Хаз-Булат удалой, Бедна сакля твоя, Золотою казной Я осыплю тебя… —донеслось из крепи.
Вот это уже принадлежало не природе. Какой живучестью обладают некоторые напевы. Одна из самых первых песен, ворвавшаяся испугом в мое до того тихое детство, была «Хаз-Булат удалой». Когда посадили моего дядю и отобрали комнату в конце коридора большой дедовской квартиры, туда въехала дружная рабочая семья Симаковых. На новоселье грянул «Хаз-Булат» и навсегда остался для меня памятью о первой утрате «уюта и авторитета», как писал Пастернак.
Я раздумал углубляться в лес и пошел в сторону санатория. У черного прудишки, жутковатого совершенной безжизненностью: ни листика по закрайку, ни травинки в глубине, ни карасиного всплеска, ни лягушиного бултыха, ни легчайшего шелоха от жука-плавунца или другой мелкой водяной твари не тревожили угрюмой черни с нездоровым желтым просветом, когда впрямую било солнце, я столкнулся с компанией: две дамы и трое мужчин из наших отдыхающих. Они сердечно предложили присоединиться к ним и «принять граммулю» в честь праздника.
Одну из дам я давно приметил по необычайной ширине бедер, казалось, она носит кринолин. Она была по-кранаховски узкоплеча и стеснена в груди, что еще сильнее подчеркивало размах нижнего этажа. На другую я грешил, что она вот-вот разрешится от бремени. Меня восхищало, что господь повторил для нее чудо библейской Сарры — даме было под пятьдесят. Над курносым изморщиненным личиком с выцветшими лазоревыми глазами возвышалась башня крашенных в соломенный цвет, седых у корней волос.
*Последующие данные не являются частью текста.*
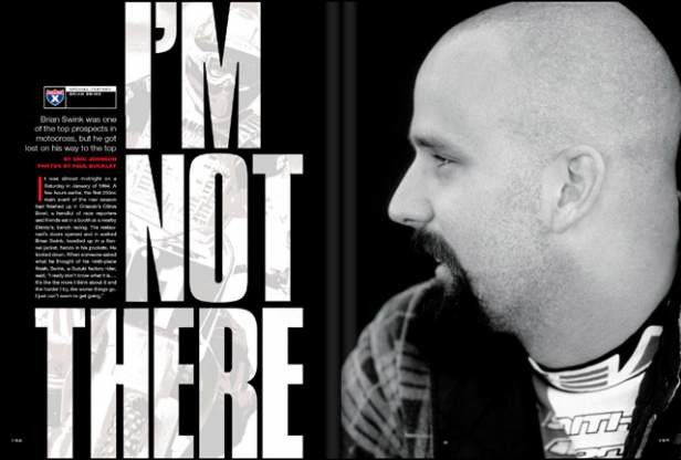 One year later he was racing for Suzuki, repeating as East Region #1. But from there his progress and drive to the top slowed as McGrath's reputation and results catapulted. Within a couple of years Swink was out of a factory ride, and within a couple more he was no longer racing at all. What followed was a slow descent; Swink became more and more withdrawn, alienated from the sport in general. He did the occasional interview, talking about doing "real jobs" like driving a truck and pouring concrete, but he mostly stayed away from the sport in which he was once considered the future. Swink died early this summer after suffering liver failure. When his obituaries were being written by various newspapers and websites, one offered a compliment that Swink would have hated: "People called him the next Jeremy McGrath." Brian Swink was 45 years old.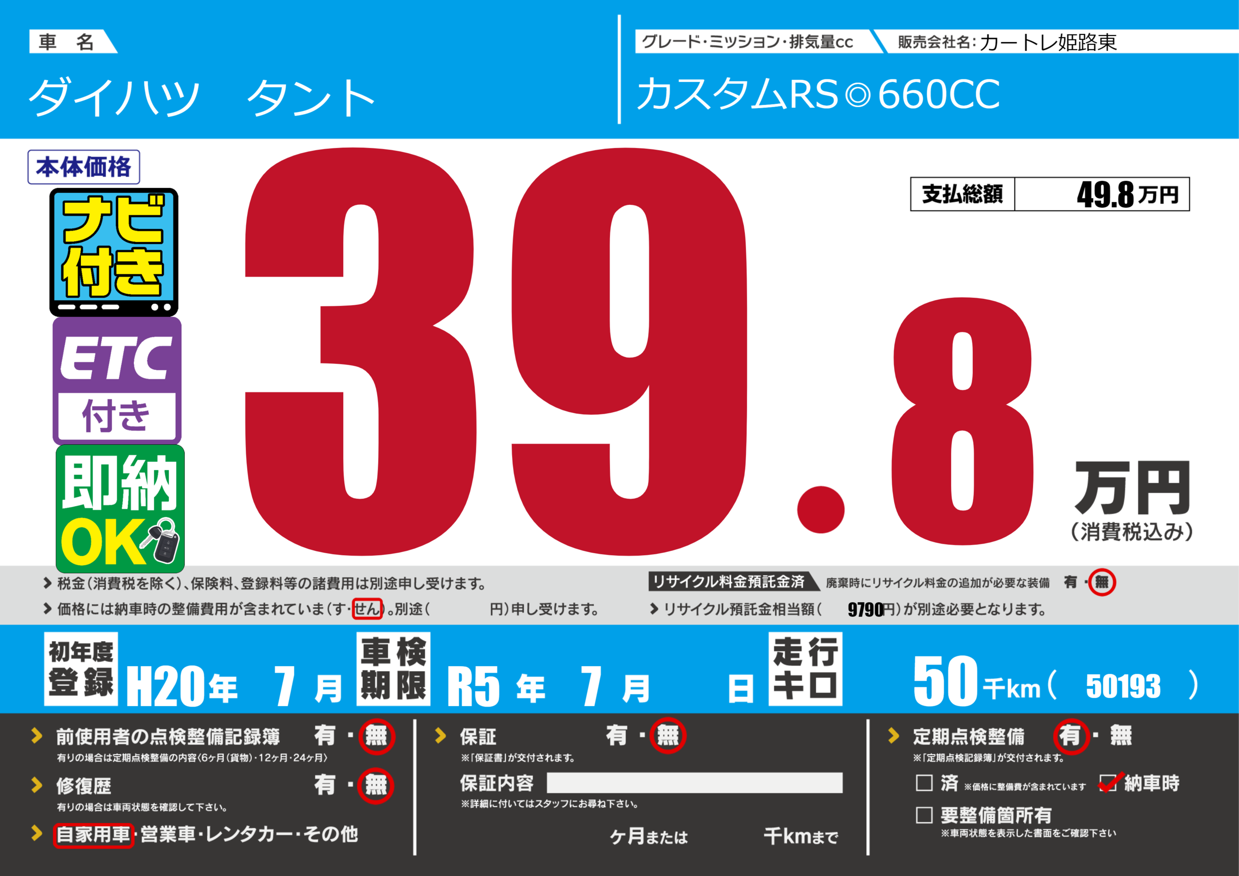 | 車名 | ダイハツ タント | グレード ミッション 排気量 |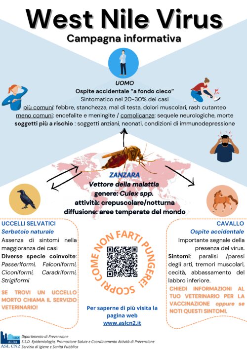 Nel 2014 il West Nile virus (WNV) ha fatto la sua prima comparsa in Piemonte (nel 2015 è stato segnalato il primo caso umano); negli anni successivi, gli approfondimenti diagnostici e la sorveglianza entomologica sui vettori hanno confermato la circolazione virale nella totalità del territorio, che è stato inserito, tramite dispositivi del Ministero, tra le aree ad alto rischio di trasmissione. Solamente in Piemonte, nel periodo 2022-2023 sono stati segnalati più di 110 casi totali. Va ricordato che l’incidenza della malattia varia in base alla stagione, per via del naturale ciclo riproduttivo del vettore e dei flussi migratori degli uccelli.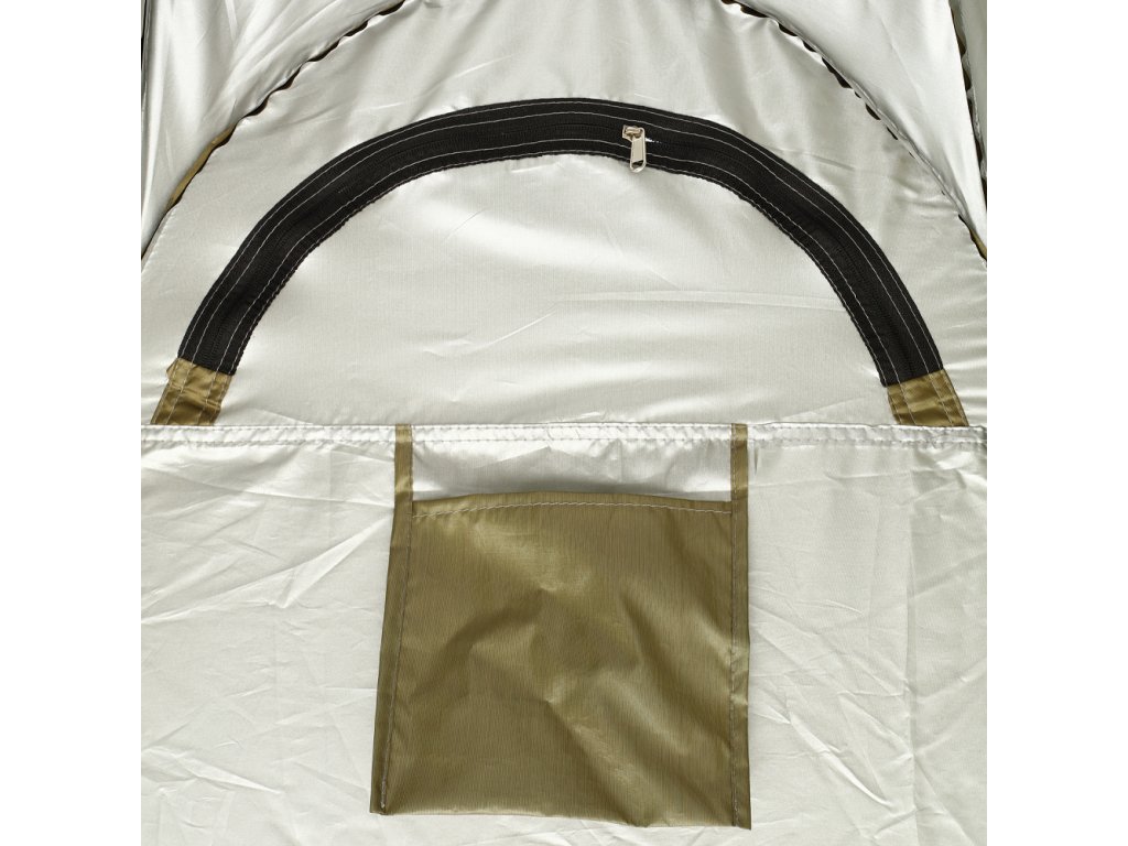 Velmi rychle a jednoduše lze postavit. Je dodáván včetně přepravního obalu. Specifikace: - neprůhledný materiál SilverCoat - použitá tkanina: 200T Polyester Taffeta - UV ochrana: UV50+ - tkanina nepropustná větru a nemění tvar - nepromokavost: 2000mm vodního sloupce (běžné použití, mírný déšť, přeháňky) - vnitřní konstrukce: ocelový drát - ventilační otvory na zip ve vrchní části - 1x vnitřní kapsa - 4x kotvící kolík - 4x stabilizační šnůrka - rozměry: 120 x 120 x 190 cm - hmotnost: 2.10 kg - barva: zelená Odkaz na video: http://www.youtube.com/watch?v=lPIXa303ulEDoplňkové parametry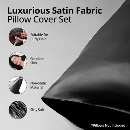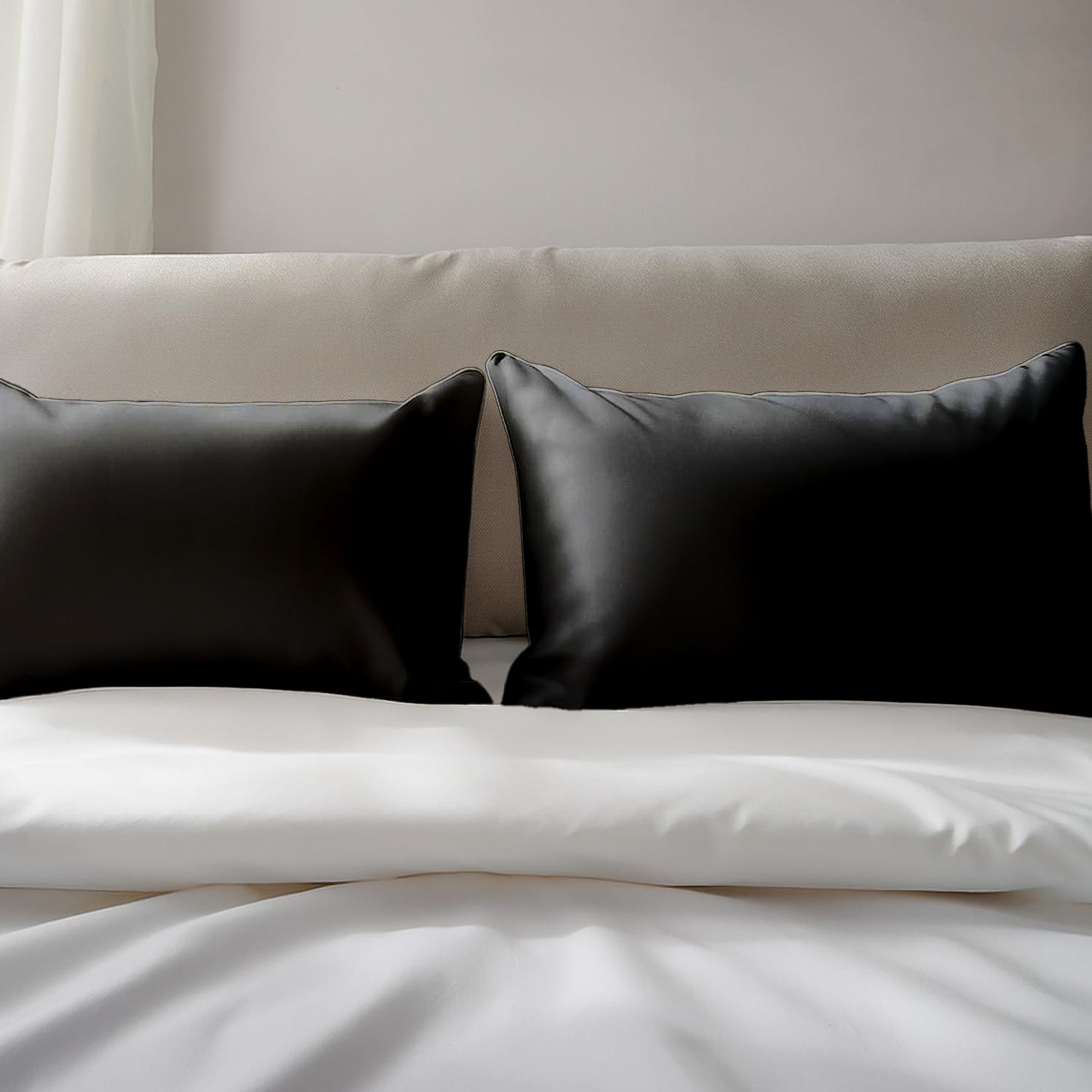 Set of 2: Satin Pillow Cases for Sleeping Takiya | Size Standard | Black

Ухажеры этих дам были молоды — до сорока, атлетичны, с чеканными лицами. Я принял их за спортсменов, перешедших на тренерскую работу, и не угадал: морковно-рыжий, с веснушчатой красной кожей был инженером-атомщиком, смуглый брюнет — врачом-рентгенологом. В третьем кавалере, лишенном пары, я с удовольствием узнал седобородого легконогого дедушку-лесовика-полевика (тут, кстати, выяснилось, что он еще не достиг пенсионного возраста и работает станочником на одном из новостроечных автомобильных гигантов). К лацкану его спортивного клетчатого пиджака был прикреплен значок: золотая пчелка сосет нектар из бутона медоноса. Он оказался знатным пчеловодом, участником многих пчельных форумов. Атлеты называли его почтительно Артемьичем.